What you will do:
Each record below is to be output unchanged, and any picture is to be dropped.

Listed entries:
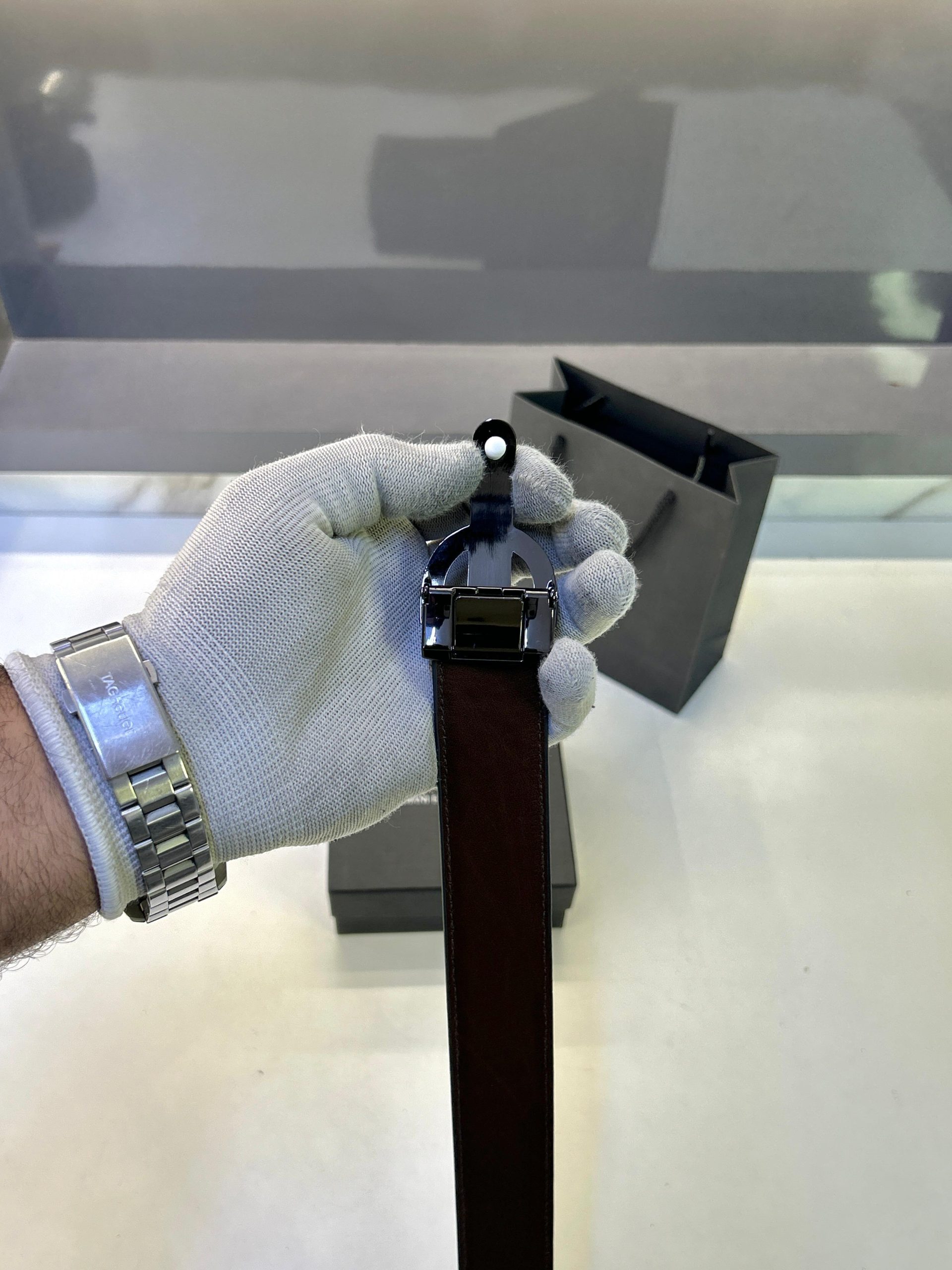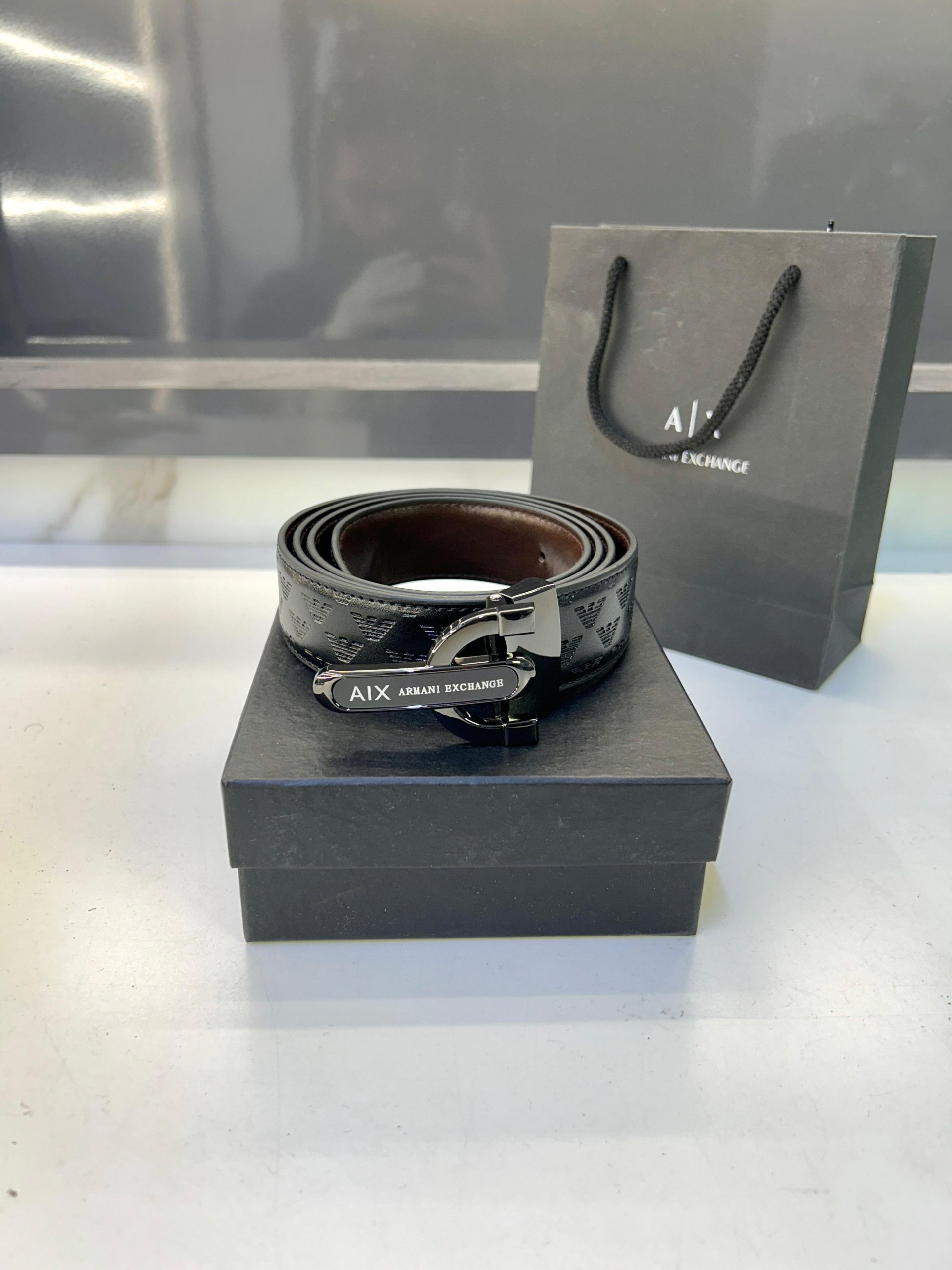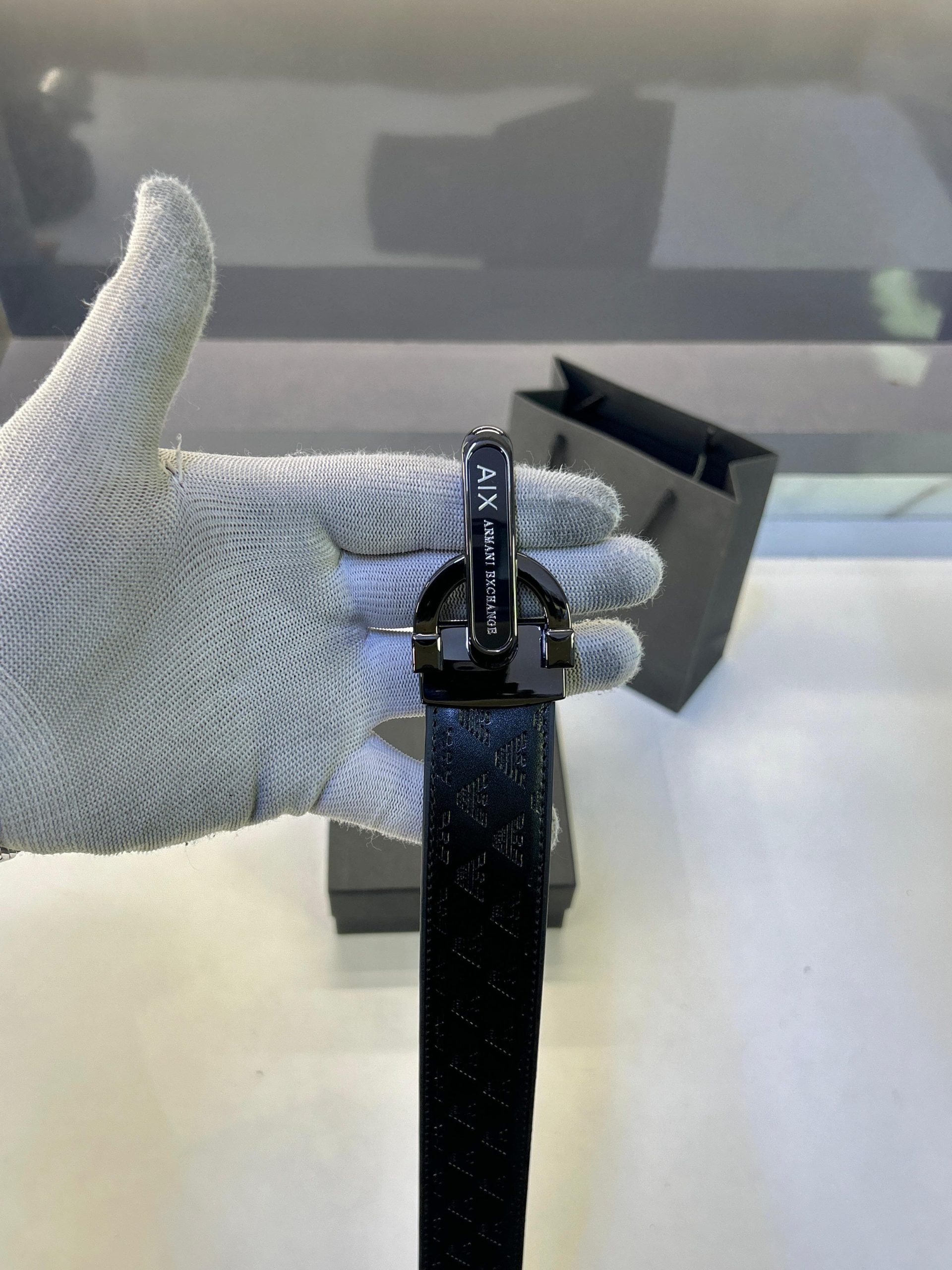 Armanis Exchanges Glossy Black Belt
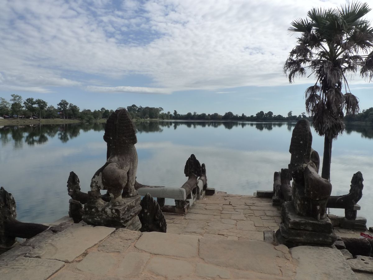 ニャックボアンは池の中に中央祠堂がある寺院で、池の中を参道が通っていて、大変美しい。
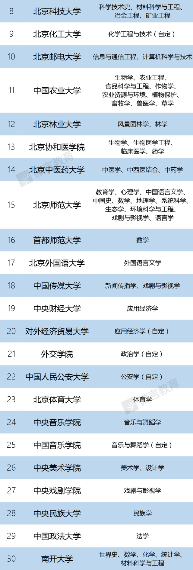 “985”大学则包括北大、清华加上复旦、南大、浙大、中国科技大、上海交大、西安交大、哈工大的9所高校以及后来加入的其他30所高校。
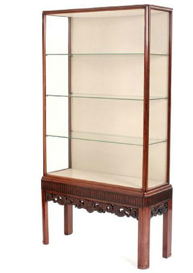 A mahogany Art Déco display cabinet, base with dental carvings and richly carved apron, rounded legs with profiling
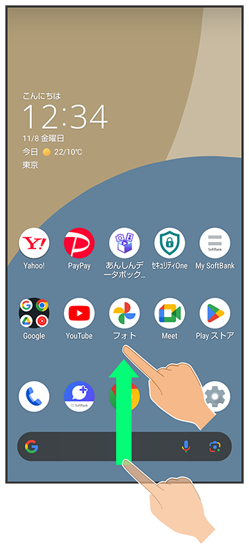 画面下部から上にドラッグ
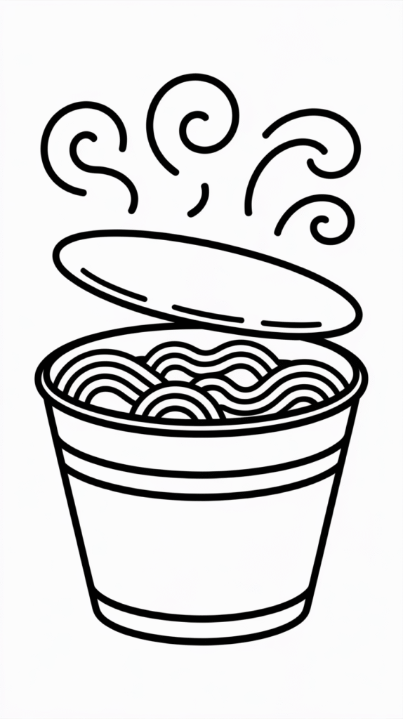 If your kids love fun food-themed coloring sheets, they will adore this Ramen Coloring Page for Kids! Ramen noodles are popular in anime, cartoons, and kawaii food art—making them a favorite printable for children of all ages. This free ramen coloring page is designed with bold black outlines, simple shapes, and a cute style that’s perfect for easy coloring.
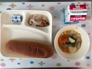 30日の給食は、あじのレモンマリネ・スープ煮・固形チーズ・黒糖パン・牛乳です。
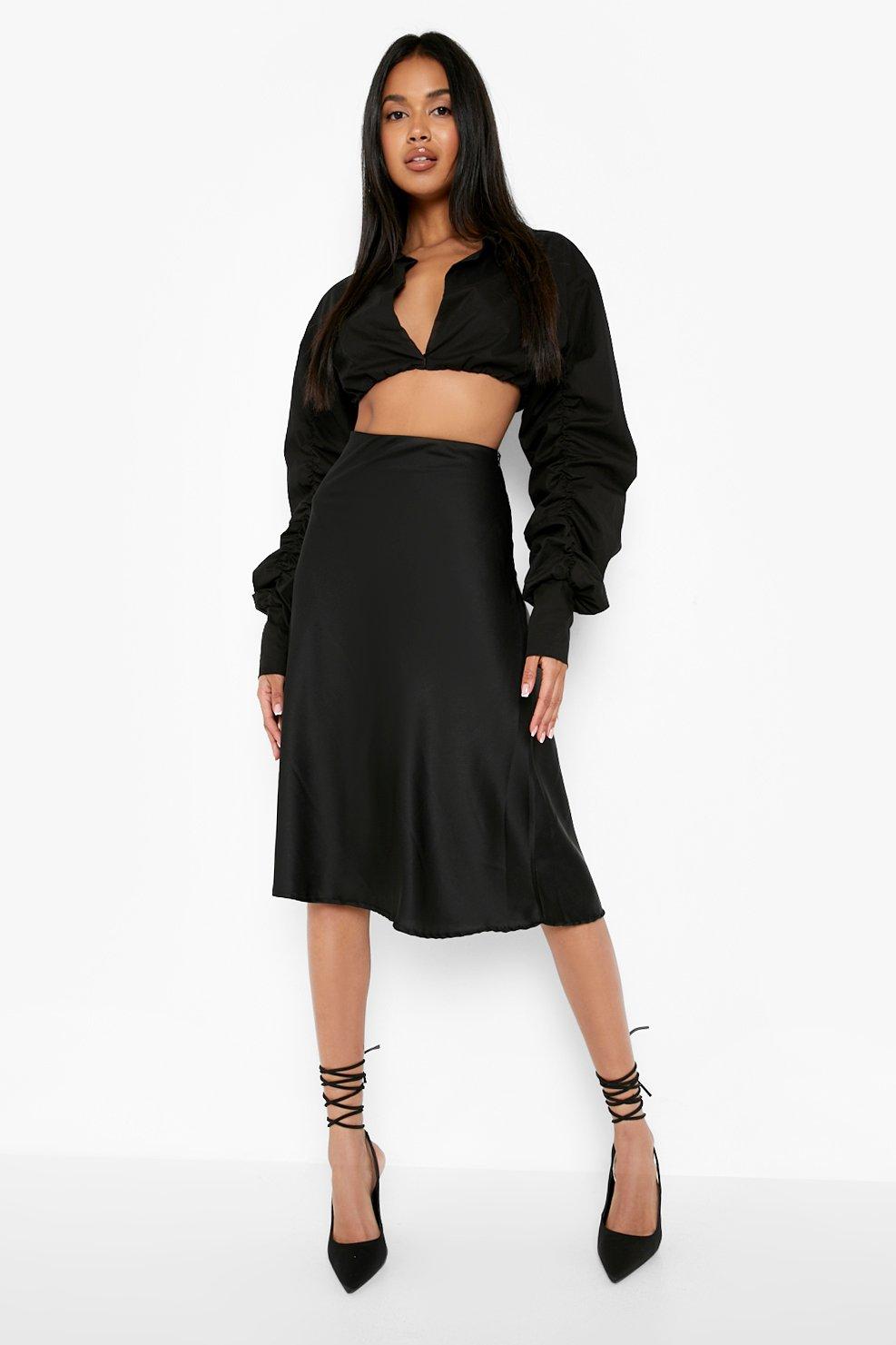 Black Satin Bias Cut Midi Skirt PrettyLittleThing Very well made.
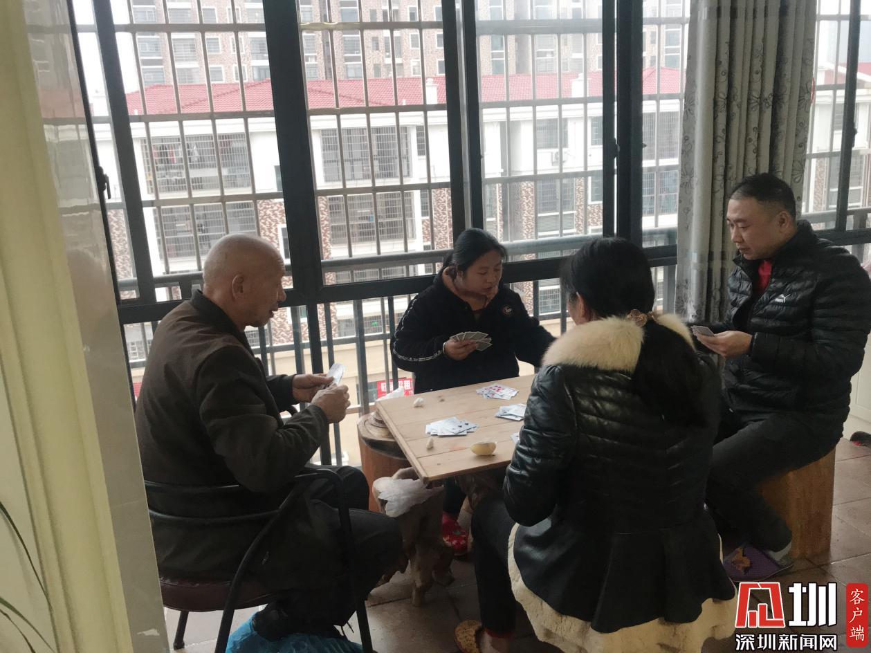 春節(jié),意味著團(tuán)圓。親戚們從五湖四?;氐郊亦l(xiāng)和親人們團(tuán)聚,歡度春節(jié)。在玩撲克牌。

Response to the task:
 Armanis Exchanges Glossy Black Belt
 ニャックボアンは池の中に中央祠堂がある寺院で、池の中を参道が通っていて、大変美しい。
 “985”大学则包括北大、清华加上复旦、南大、浙大、中国科技大、上海交大、西安交大、哈工大的9所高校以及后来加入的其他30所高校。
 A mahogany Art Déco display cabinet, base with dental carvings and richly carved apron, rounded legs with profiling
 画面下部から上にドラッグ
 If your kids love fun food-themed coloring sheets, they will adore this Ramen Coloring Page for Kids! Ramen noodles are popular in anime, cartoons, and kawaii food art—making them a favorite printable for children of all ages. This free ramen coloring page is designed with bold black outlines, simple shapes, and a cute style that’s perfect for easy coloring.
 30日の給食は、あじのレモンマリネ・スープ煮・固形チーズ・黒糖パン・牛乳です。
 Black Satin Bias Cut Midi Skirt PrettyLittleThing Very well made.
 春節(jié),意味著團(tuán)圓。親戚們從五湖四?;氐郊亦l(xiāng)和親人們團(tuán)聚,歡度春節(jié)。在玩撲克牌。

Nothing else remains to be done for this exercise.